Klar, dass sich der Einkauf selbst anders darstellte, waren die Dorfläden ja noch keine Selbstbedienungsläden – man wurde mehr oder weniger höflich bedient. Waren in Plastiksackerln gab es kaum, es wurde gewogen, mit einem Bleistift gerechnet, kassiert und meist in Papier verpackt (dies galt auch für die begehrten „Zuckerlen“, die abgezählt aus einer Glaskaraffe im Papiersackerl verkauft wurden), sogar ein „Stollwerk“ wurde entzwei geschnitten, hatte man nicht genug Groschen zur Hand. Auch der gewaltige Hunger der pubertären Lehrlinge auf üppig belegte Wurstsemmeln bleibt in Erinnerung.

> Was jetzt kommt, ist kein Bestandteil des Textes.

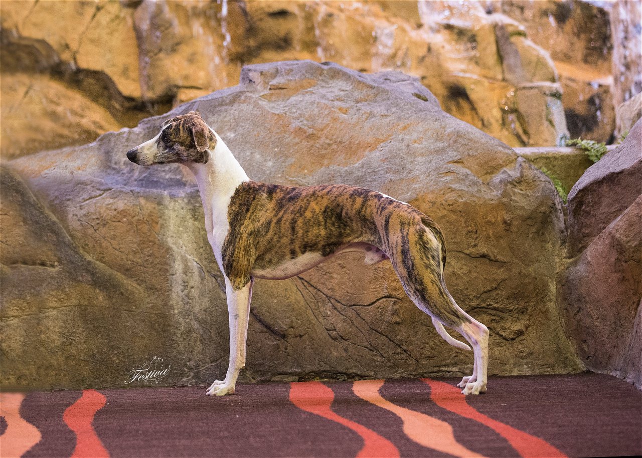 Lizzy is the foundation to Festiva Whippets. We aquired her 2 months after bringing home her brother, Ch. Oxford’s Stetson for Kelly. During all the visits with Dianne I fell in love with Lizzy’s beautiful half face and feminine looks. Lizzy did not like showing so we were lucky to get her finished but she excelled in the whelping box. Her first litter produced Multi-BISS Ch. Festiva’s Knickerbocker and his sister, Multi Group winning Ch. Oxford Festiva Berryetta.

Im Mesnerhaus war auch eine Klasse der Volksschule untergebracht, der Großvater war auch für die Beheizung des Raumes mittels eines rußigen Ofens verantwortlich. 1953 wurde die neue Volksschule eröffnet, meine Familie zog ins Vereinshaus um, wo mein Vater Hausmeister wurde. Die Stufen vor dem Geschäft wurden von einer neuen Generation bevölkert, wie etwa von den Kindern der Familie Klingler, die durch den Ausbau des Feuerwehrhauses eine Wohnung im Dorfzentrum erhielten. So blieb die Gegend um die Kirche noch einige Zeit das Zentrum des Dorfes, bis allgemeine gesellschaftliche Veränderungen und der enorme Zuzug in neu erschlossene Gebiete der Gemeinde die Bedeutung des Dorfzentrums schwinden ließen. Als die Fam. Stock als letzte Dorfladenpächter in ein modernes Geschäft an der Dorfstraße zog, der Tiefenthaler dicht machte und die beherrschende Rolle der Kirche abzunehmen begann, verwaiste das Dorfzentrum zusehends. Hoffen wir, dass sich mit der Neugestaltung des Dorfplatzes wieder ein Platz der Begegnung für Milser ergeben wird.